Siraituruk is a village that lies on the Toba Highland in North Sumatra, Indonesia. It is inhabited by Toba Batak, mostly of the Sirait Siraituruk is flanked by a river, the Aek Mandosi, which is divided into two waterways for paddy field irrigation. The Sirait Vam is Sirait Sihahaan and Sirait Sianggian.

==Cultivations==
There are paddy rice fields along the village. Paddies are cultivated and harvested once a year. After harvesting rice, villagers prepare the paddy field for fishery. There are many kinds of fish normally cultivated, the most common of which is a yellow-gold fish called ikan mas ("gold fish"). Gold fish is very popular around the village and also across the Toba Highland.

==Celebrations==
Ikan mas is a compulsory part of the cuisine for Batak parties, including marriage celebrations. Such celebrations are full of cultural ceremony, such as give some ulos (traditional Batak fabric, mostly hand-made) to the newly married couple with speeches for future prosperity and many good and healthy sons and daughters. Afterwards, the new married couple receive ikan mas cuisine, eaten while serving one another.

==Religion==
Most of the Siraituruk population is strongly Christian. Villagers conduct religious activities throughout the year, including Sunday church services, as well as celebrating Christmason (Christmas), Good Friday, and Easter. Christmas is a very cheerful event in the village, with celebrations held in the village church. The church belongs to Huria Kristen Batak Protestan Church ("Huria Batak Protestant Christian Church"), the biggest Protestant church community in the country. Worshippers come from all walks of life, including groups of university students who study in the city of Medan, 200 km away.

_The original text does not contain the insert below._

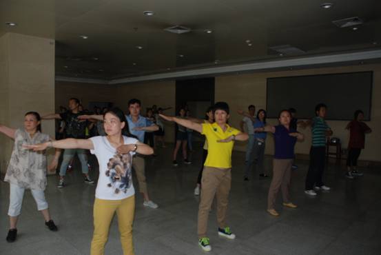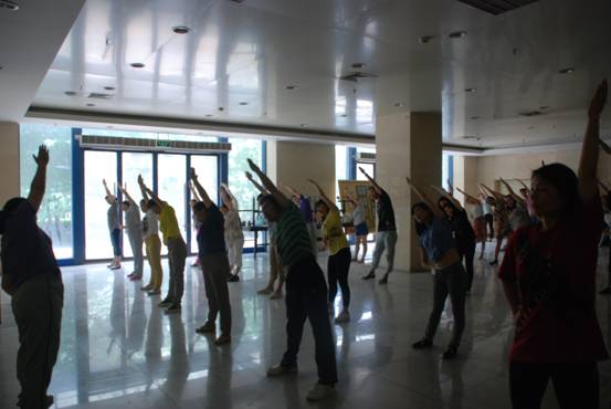 發(fā)行集團公司在開展黨的群眾路線教育實踐活動中,積極響應廣大職工群眾訴求,豐富職工文化生活,認真貫徹落實全民健身計劃,從7月份起,組織本部員工開展了工間操活動,工間操選用的國家體育總局正式發(fā)布的第九套廣播體操。此項活動得到了廣大職工的積極響應和熱情參與,大家就近在走廊或辦公室等地,在輕快優(yōu)美的旋律下,認真按標準做好每一個動作,舒展四肢、鍛煉身體,消除亞健康狀態(tài)。通過開展工間操活動,增進了廣大職工身心健康,削除了疲勞,提高了工作效率,也培養(yǎng)了員工的團隊精神,營造了和諧健康的企業(yè)文化氛圍。

From the first day of December, villagers celebrate the birthday of Jesus Christ with religious sermons in the church. Every night groups queue for the chance to celebrate Christmason in the church. The celebration includes singing Christmas songs (written on Church song books, and also including popular Christian religious songs), listening to evangelical sermons, reading Bible verses, and sometimes dramas about the life of Jesus Christ. It is a very cheerful celebration. People wear newly bought clothes and shoes, especially children. Children also receive presents from their parents.

==Climate==
Overall, the climate in Siraituruk is cool and pleasant. The village is surrounded by the Bukit Barisan mountains, which appear blue-green in color, full of tropical forests. Daylight hours are typically hot with low humidity, while evenings can be biting cold, especially in the windy season.